No pictures belong in the copy. Retype exactly, and only, the stretch of lines below from the one with "一块钱买回来的豆腐就够了,要" through the one with "Wärmende Isolationsjacke mit".

Material shown ::
──────────

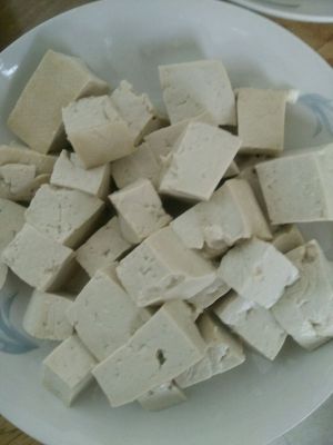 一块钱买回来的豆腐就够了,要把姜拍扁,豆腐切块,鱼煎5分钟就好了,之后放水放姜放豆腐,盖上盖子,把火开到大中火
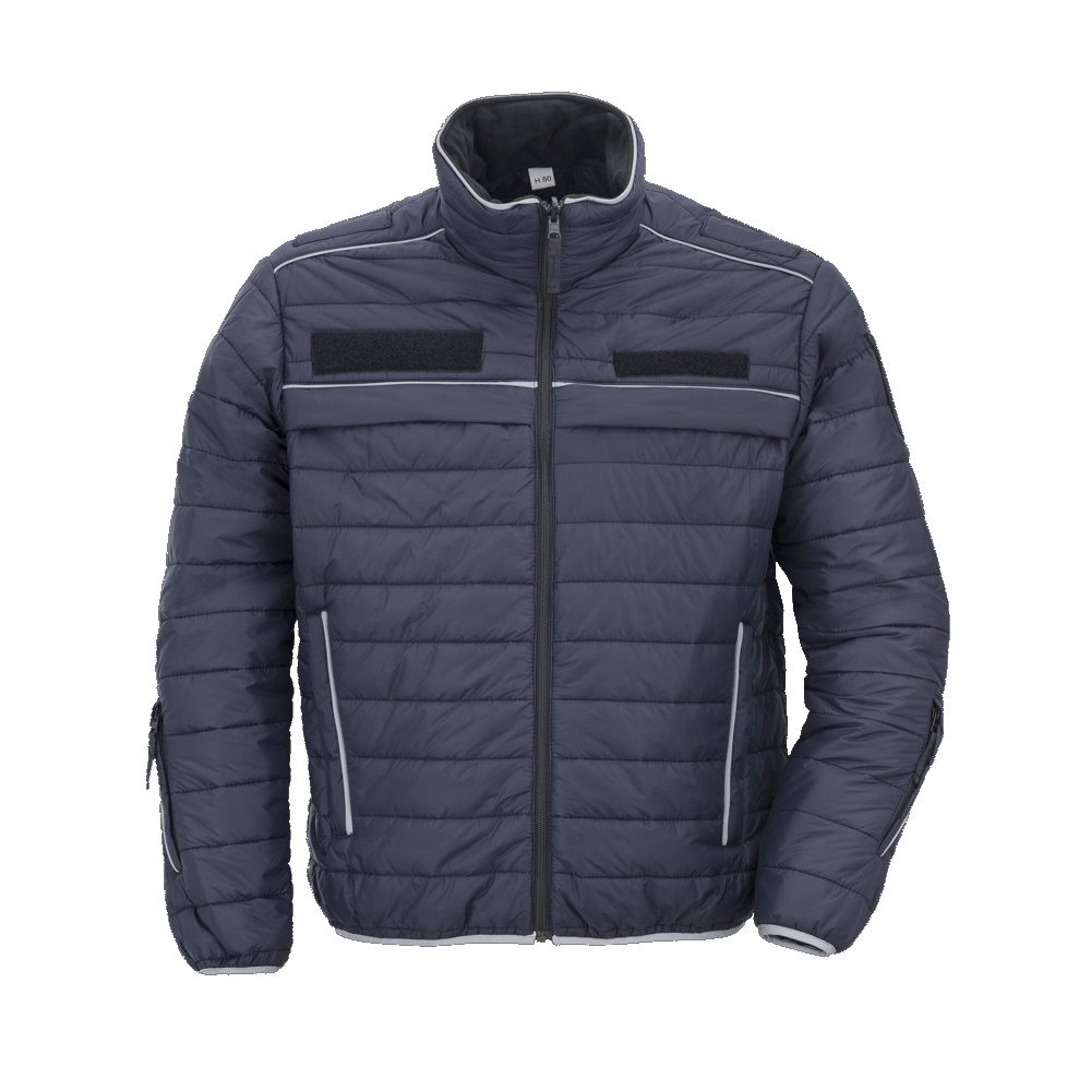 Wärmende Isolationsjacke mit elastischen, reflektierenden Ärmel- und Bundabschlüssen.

──────────

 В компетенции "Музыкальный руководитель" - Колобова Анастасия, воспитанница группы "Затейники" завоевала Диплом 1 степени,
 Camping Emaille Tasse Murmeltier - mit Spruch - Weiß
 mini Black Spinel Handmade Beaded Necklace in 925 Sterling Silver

──────────

Problem solution ::
 一块钱买回来的豆腐就够了,要把姜拍扁,豆腐切块,鱼煎5分钟就好了,之后放水放姜放豆腐,盖上盖子,把火开到大中火
 Wärmende Isolationsjacke mit elastischen, reflektierenden Ärmel- und Bundabschlüssen.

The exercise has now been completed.